▶ **PROBLEM TO WORK ON**
Reproduce exactly the lines below, from the first one through the line containing "The black-clad leader", and omit any pictures.

BEGIN

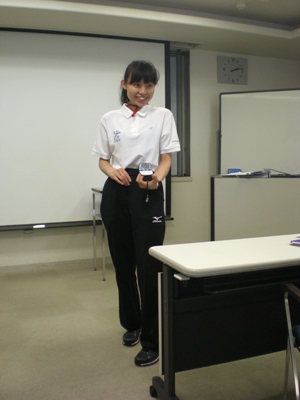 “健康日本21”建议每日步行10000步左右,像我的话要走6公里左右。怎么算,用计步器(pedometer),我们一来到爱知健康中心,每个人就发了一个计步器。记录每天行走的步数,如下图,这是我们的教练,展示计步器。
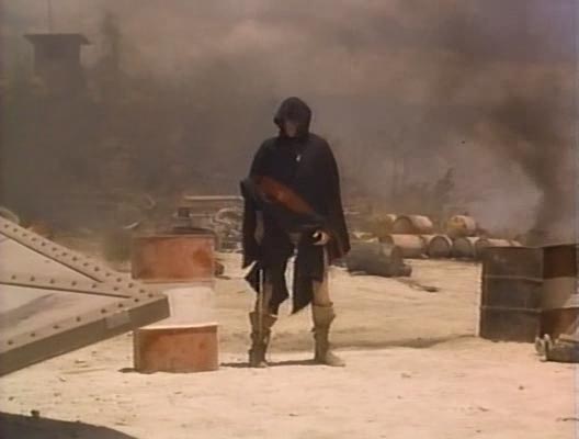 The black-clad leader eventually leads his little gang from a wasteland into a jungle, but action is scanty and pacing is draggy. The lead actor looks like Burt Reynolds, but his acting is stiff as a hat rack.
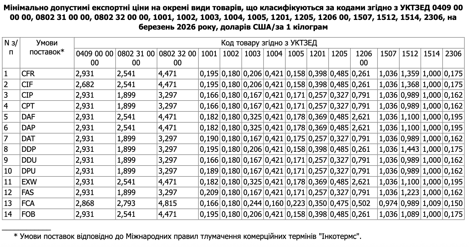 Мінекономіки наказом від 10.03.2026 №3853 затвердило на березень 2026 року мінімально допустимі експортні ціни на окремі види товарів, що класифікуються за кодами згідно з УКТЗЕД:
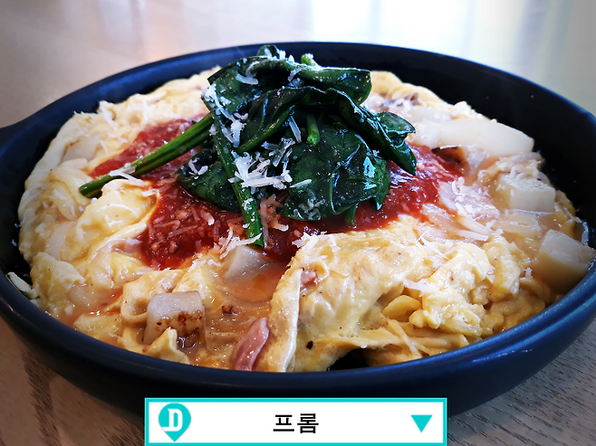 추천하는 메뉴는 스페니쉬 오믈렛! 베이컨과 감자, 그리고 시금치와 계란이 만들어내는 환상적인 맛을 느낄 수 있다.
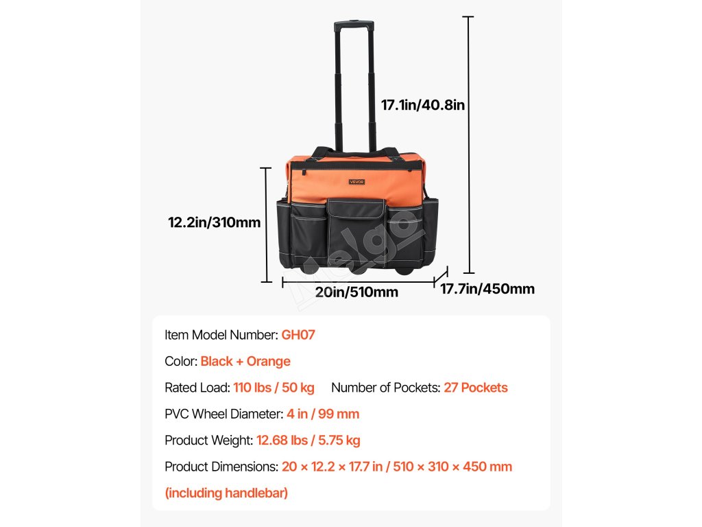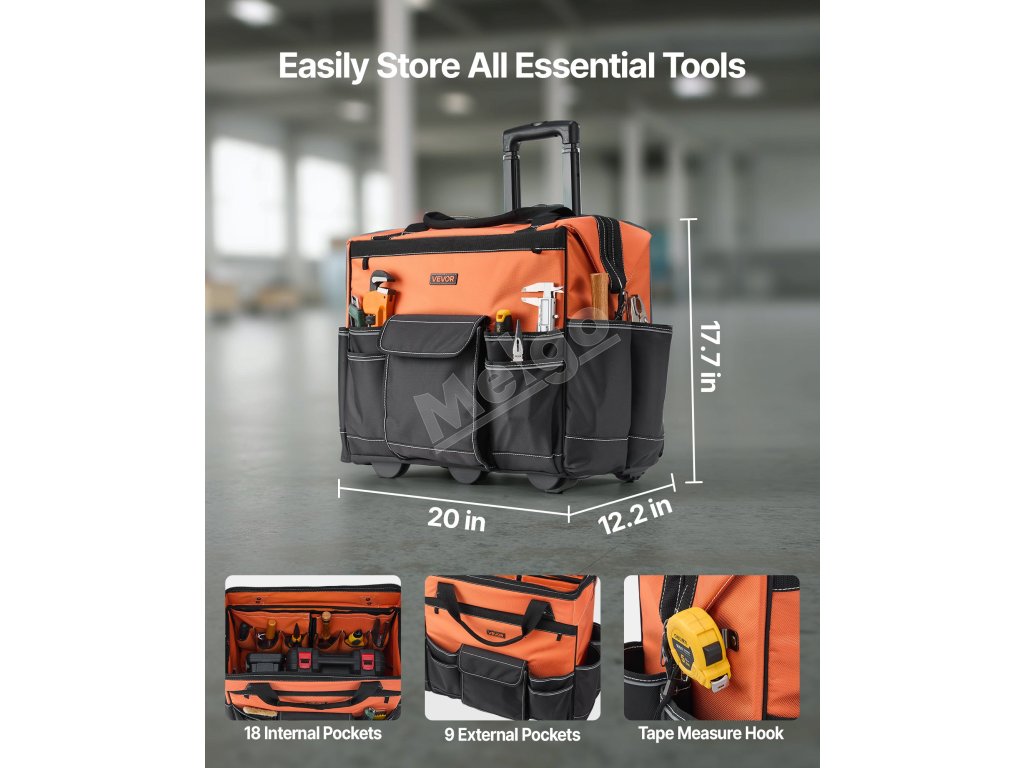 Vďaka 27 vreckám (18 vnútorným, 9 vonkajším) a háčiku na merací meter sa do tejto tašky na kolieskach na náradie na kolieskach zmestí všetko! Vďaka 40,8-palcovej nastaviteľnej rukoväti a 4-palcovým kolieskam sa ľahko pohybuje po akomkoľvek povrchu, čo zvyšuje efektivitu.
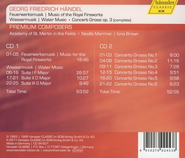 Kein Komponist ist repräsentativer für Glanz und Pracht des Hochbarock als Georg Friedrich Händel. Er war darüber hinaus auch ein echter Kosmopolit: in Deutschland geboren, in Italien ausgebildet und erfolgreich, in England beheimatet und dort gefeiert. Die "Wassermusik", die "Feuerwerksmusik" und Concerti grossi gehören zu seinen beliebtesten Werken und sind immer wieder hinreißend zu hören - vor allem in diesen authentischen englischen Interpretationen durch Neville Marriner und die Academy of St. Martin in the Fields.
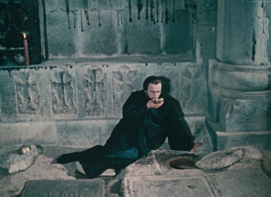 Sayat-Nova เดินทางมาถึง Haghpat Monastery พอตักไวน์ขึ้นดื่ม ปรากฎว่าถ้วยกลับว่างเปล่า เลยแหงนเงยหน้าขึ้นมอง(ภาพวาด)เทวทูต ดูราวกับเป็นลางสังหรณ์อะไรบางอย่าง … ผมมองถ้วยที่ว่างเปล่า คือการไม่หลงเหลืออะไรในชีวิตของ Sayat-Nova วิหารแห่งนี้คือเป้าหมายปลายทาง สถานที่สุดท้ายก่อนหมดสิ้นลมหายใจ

END

▶ **TASK ANSWER**
 “健康日本21”建议每日步行10000步左右,像我的话要走6公里左右。怎么算,用计步器(pedometer),我们一来到爱知健康中心,每个人就发了一个计步器。记录每天行走的步数,如下图,这是我们的教练,展示计步器。
 The black-clad leader eventually leads his little gang from a wasteland into a jungle, but action is scanty and pacing is draggy. The lead actor looks like Burt Reynolds, but his acting is stiff as a hat rack.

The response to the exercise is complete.